▶ [Source data]
- - -
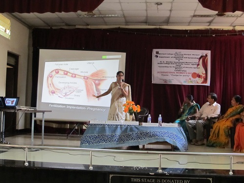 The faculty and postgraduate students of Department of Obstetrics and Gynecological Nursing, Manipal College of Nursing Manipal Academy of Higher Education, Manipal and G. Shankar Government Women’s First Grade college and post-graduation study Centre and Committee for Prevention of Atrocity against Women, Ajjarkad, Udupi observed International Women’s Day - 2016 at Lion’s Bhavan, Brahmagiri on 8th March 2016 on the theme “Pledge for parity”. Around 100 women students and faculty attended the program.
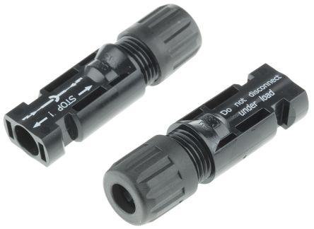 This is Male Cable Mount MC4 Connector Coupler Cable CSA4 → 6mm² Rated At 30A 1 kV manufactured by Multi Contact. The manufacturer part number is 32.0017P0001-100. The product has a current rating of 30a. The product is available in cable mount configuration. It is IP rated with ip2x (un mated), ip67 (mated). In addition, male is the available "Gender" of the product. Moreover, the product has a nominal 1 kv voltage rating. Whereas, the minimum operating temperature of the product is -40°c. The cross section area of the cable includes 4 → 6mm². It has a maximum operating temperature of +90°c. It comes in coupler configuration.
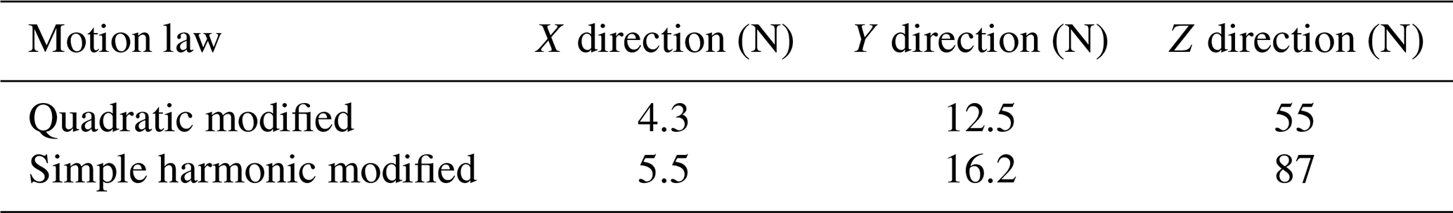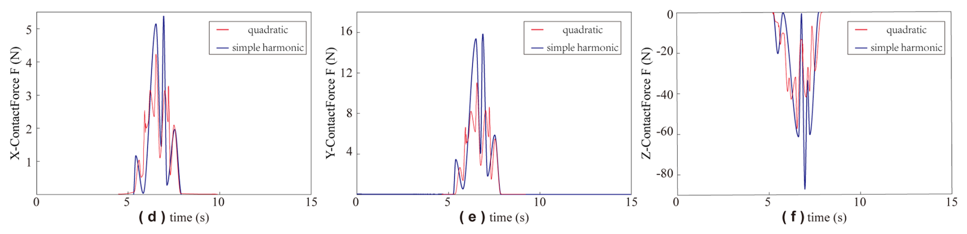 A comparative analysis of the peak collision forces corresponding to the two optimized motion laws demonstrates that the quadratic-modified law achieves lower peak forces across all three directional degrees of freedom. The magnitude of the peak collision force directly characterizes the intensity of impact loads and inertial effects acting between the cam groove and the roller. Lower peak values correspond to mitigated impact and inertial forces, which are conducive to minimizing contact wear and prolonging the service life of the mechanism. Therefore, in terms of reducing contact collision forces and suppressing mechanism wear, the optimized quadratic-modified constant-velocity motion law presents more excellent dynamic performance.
- - -
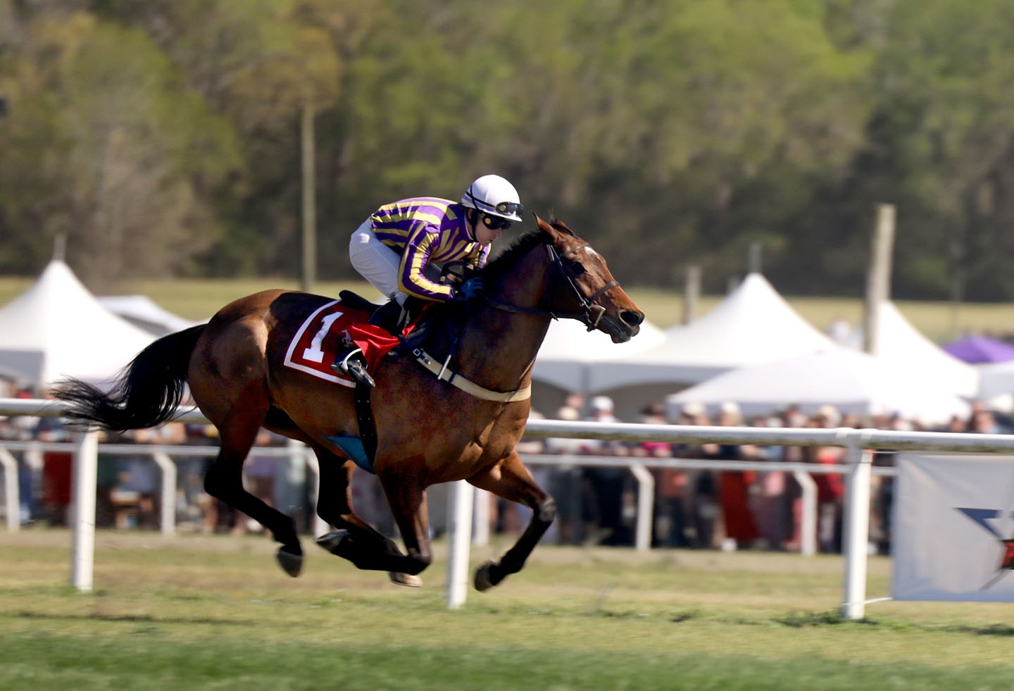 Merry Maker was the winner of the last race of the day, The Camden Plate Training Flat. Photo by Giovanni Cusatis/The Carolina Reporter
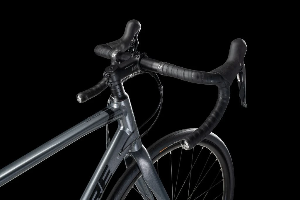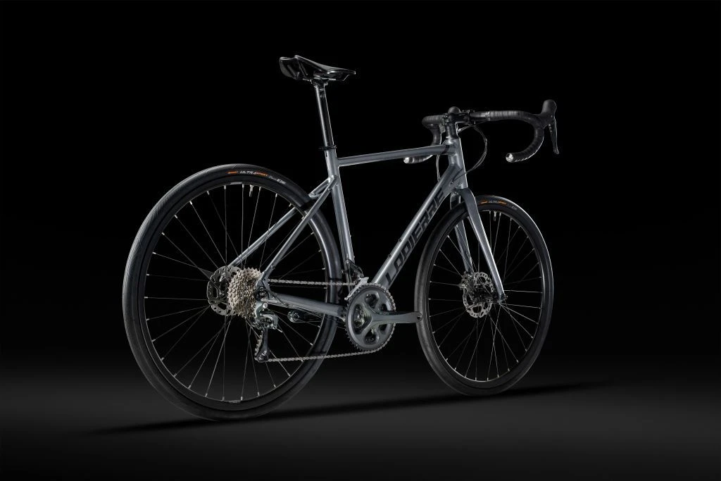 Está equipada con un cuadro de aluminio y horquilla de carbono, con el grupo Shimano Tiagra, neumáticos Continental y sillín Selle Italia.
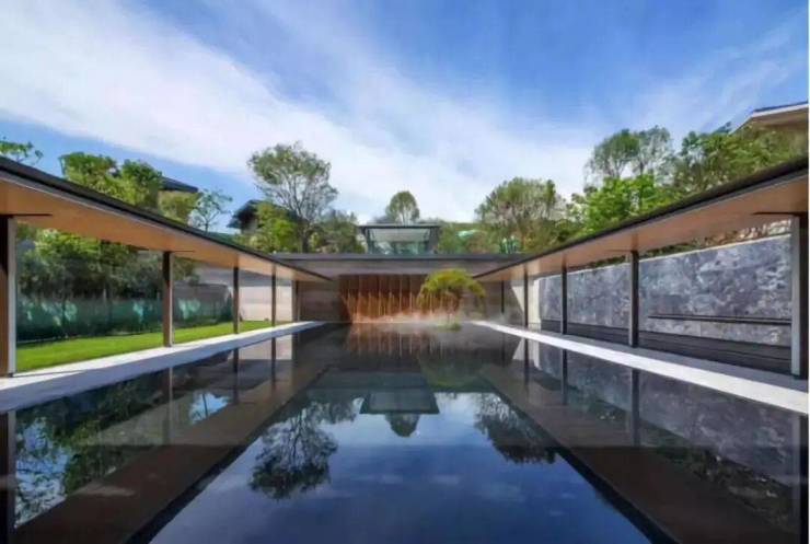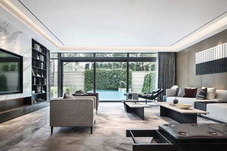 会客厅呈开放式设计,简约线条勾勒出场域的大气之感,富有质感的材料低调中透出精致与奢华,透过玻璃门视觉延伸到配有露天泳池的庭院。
- - -
Write out the lines above from the one with "Merry Maker was" through the one with "会客厅呈开放式设计,简约线条", ends included, exactly; no picture goes in.

▶ [Worked solution]
 Merry Maker was the winner of the last race of the day, The Camden Plate Training Flat. Photo by Giovanni Cusatis/The Carolina Reporter
 Está equipada con un cuadro de aluminio y horquilla de carbono, con el grupo Shimano Tiagra, neumáticos Continental y sillín Selle Italia.
 会客厅呈开放式设计,简约线条勾勒出场域的大气之感,富有质感的材料低调中透出精致与奢华,透过玻璃门视觉延伸到配有露天泳池的庭院。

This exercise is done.